Comment 5 by bugdroid1@chromium.org, Dec 6 2017 

The following revision refers to this bug:
  https://chromium.googlesource.com/chromium/src.git/+/d02cdc58fc41a056086c4a6ebeb8711c89a91968

commit d02cdc58fc41a056086c4a6ebeb8711c89a91968
Author: Matt Falkenhagen <falken@chromium.org>
Date: Wed Dec 06 08:11:26 2017

Network Service: Sheriffing: Some new SiteIsolation tests are failing.

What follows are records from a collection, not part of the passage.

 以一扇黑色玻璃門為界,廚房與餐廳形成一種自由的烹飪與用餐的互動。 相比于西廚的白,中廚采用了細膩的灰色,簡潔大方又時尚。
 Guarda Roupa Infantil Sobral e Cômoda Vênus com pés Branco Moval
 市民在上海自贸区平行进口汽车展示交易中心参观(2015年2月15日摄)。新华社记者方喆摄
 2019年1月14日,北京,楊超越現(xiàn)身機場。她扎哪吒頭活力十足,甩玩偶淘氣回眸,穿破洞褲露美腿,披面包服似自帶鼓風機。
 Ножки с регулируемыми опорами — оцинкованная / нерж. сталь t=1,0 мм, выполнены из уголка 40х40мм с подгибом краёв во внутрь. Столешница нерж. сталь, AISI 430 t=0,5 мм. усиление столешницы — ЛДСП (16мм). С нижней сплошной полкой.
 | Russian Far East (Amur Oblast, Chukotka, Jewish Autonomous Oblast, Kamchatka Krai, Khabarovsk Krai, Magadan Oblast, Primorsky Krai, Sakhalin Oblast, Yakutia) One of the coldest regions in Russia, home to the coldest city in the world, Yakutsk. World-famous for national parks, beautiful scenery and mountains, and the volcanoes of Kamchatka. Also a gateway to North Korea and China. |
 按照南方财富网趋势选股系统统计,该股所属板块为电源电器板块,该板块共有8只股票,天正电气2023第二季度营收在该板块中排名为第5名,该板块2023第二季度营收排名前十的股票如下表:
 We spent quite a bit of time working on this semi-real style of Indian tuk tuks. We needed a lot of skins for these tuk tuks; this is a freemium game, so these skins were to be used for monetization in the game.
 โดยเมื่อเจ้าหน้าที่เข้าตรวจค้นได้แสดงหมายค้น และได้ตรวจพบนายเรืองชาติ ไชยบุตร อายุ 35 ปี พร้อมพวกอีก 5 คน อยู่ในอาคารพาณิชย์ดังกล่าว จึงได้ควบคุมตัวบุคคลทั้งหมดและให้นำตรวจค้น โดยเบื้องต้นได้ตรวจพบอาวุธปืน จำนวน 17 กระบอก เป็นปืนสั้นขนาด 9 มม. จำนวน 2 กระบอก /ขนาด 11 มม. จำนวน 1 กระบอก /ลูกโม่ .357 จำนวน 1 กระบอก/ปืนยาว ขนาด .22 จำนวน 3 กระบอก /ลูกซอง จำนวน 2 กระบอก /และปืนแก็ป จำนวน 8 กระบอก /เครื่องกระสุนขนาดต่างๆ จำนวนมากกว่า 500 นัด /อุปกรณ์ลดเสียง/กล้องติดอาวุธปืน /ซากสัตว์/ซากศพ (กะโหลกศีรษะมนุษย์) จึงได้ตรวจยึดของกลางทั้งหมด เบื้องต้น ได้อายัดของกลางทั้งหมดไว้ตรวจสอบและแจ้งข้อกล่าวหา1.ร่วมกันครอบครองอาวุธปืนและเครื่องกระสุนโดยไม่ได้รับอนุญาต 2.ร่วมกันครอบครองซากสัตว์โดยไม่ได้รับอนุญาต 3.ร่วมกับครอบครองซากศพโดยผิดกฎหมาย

These tests were added/changed in r522016.
-SiteIsolationStatsGathererBrowserTest/SiteIsolationStatsGathererBrowserTest.CrossSiteDocumentBlockingForMimeType/0
-SiteIsolationStatsGathererBrowserTest/SiteIsolationStatsGathererBrowserTest.CrossSiteDocumentBlockingForMimeType/1
-CrossSiteDocumentBlockingTest.BlockDocuments
-CrossSiteDocumentBlockingIsolatedOriginTest.BlockDocumentsFromIsolatedOrigin
-CrossSiteDocumentBlockingTest.RangeRequest

Most failures (even the non-StatsGatherer ones) seem to be about histograms.

Bug:  786505 ,  729848 
Cq-Include-Trybots: master.tryserver.chromium.linux:linux_mojo
Change-Id: I2302d55d5de41c904c38c675fc57122316ceec15
NOTRY: true
TBR: jam
Reviewed-on: https://chromium-review.googlesource.com/810247
Reviewed-by: Matt Falkenhagen <falken@chromium.org>
Commit-Queue: Matt Falkenhagen <falken@chromium.org>
Cr-Commit-Position: refs/heads/master@{#522041}
[modify] https://crrev.com/d02cdc58fc41a056086c4a6ebeb8711c89a91968/testing/buildbot/filters/mojo.fyi.network_content_browsertests.filter

Comment 6 by nick@chromium.org, Dec 6 2017

Blockedon: 792546
Project Member

Comment 7 by bugdroid1@chromium.org, Dec 6 2017 

The following revision refers to this bug:
  https://chromium.googlesource.com/chromium/src.git/+/ccc58b7abd1cbbd8a79faaae9f941ae3a1bc3baa

commit ccc58b7abd1cbbd8a79faaae9f941ae3a1bc3baa
Author: Nick Carter <nick@chromium.org>
Date: Wed Dec 06 20:32:07 2017

Network Service: clarify XSDB comment in network_content_browsertests.filter

Bug:  792546 ,  786505 
Cq-Include-Trybots: master.tryserver.chromium.linux:linux_mojo
Change-Id: Id8ff7999115ca602c929b8c8e691121894ed94b7
Reviewed-on: https://chromium-review.googlesource.com/811744
Reviewed-by: Charlie Reis <creis@chromium.org>
Commit-Queue: Nick Carter <nick@chromium.org>
Cr-Commit-Position: refs/heads/master@{#522179}
[modify] https://crrev.com/ccc58b7abd1cbbd8a79faaae9f941ae3a1bc3baa/testing/buildbot/filters/mojo.fyi.network_content_browsertests.filter

Comment 8 by amin...@google.com, Dec 8 2017

Labels: Merge-Approved-64
Approving merge based on chatting with nasko@ and creis@.
Project Member

Comment 9 by bugdroid1@chromium.org, Dec 9 2017

Labels: -merge-approved-64 merge-merged-3282
The following revision refers to this bug:
  https://chromium.googlesource.com/chromium/src.git/+/63f1c51353ecec3f171663e04d82dbf5996e83c9

commit 63f1c51353ecec3f171663e04d82dbf5996e83c9
Author: Charles Reis <creis@chromium.org>
Date: Sat Dec 09 00:54:23 2017

Block cross-site document responses in Site Isolation modes.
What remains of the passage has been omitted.